BD (NYSE: BDX) today touted the results of a clinical trial that showed “statistically significant safety equivalence” between its Lutonix 014 drug-coated balloon (DCB) and a standard angioplasty catheter (PTA) in treating narrowed or obstructed arteries below the knee.
The trial’s primary safety endpoint—freedom from composite all-cause death, above the ankle or major reintervention of the treated limb through 30 days—was met in both the proportional and binary and Kaplan Meier analyses of patient survival following a medical procedure. BD presented the trial results during a late-breaking clinical trials session at the Vascular Interventional Advances (VIVA) conference in Las Vegas.
“The six-month clinical data from the Lutonix BTK trial represent the beginning of a paradigm shift in the treatment of patients with critical limb ischemia (CLI),” said Jihad Mustapha, M.D. of the Advanced Cardiac and Vascular Amputation Centers in Grand Rapids, Mich., in a prepared statement. “The initial results are extremely encouraging and give new hope to patients with CLI.”

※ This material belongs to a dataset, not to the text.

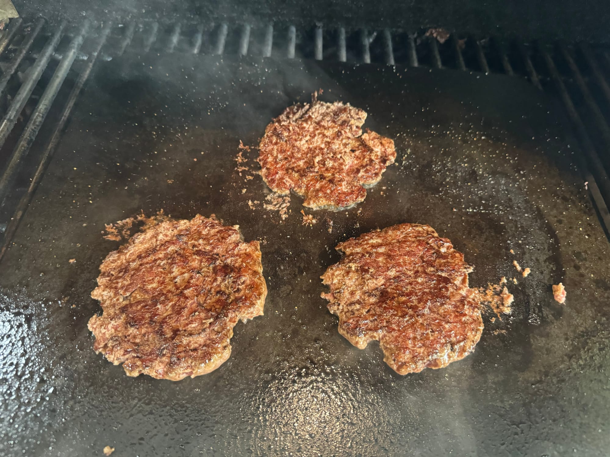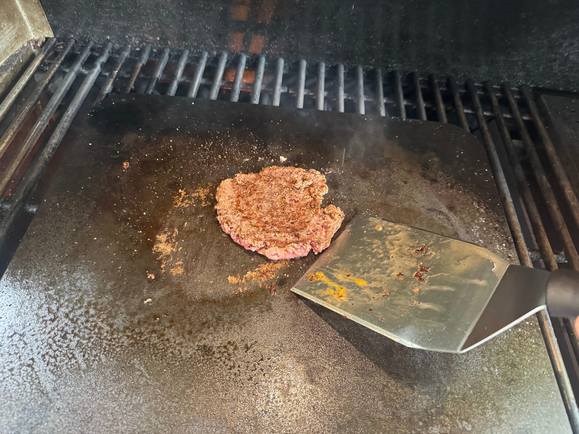 When you smash the burgers they get stuck to the surface, so you have to scrape them off before you flip them.

The prospective, global, multicenter, randomized, controlled trial used a composite measurement of limbs saved from amputation and the openness of arteries, known as primary patency. By proportional/binary analysis, at six months there was an improvement in primary efficacy of 10.2% (DCB: 73.7% and PTA: 63.5%, p=0.0273, not-significant). The more commonly used Kaplan Meier analysis of the primary efficacy endpoint demonstrated a significant difference of 14.6% (DCB: 85.3%, PTA: 70.7%, p<0.001). Additional analyses are planned for 12-, 24- and 36-month follow-ups.
The trial included approximately 450 participants, of whom 91% had CLI, a severe form of vascular disease that seriously decreases blood flow to the lower leg arteries. An estimated 3.4 million people in the U.S. have CLI today, and the number is estimated to grow to nearly 3.8 million by 2020. CLI is associated with a six-month major amputation rate ranging from 10 % to 40% and with mortality rates as high as 50% at five years.
The Lutonix 014 DCB has been commercially available in Europe, Canada and Australia for treatment of the below-the-knee arteries associated with CLI since 2013.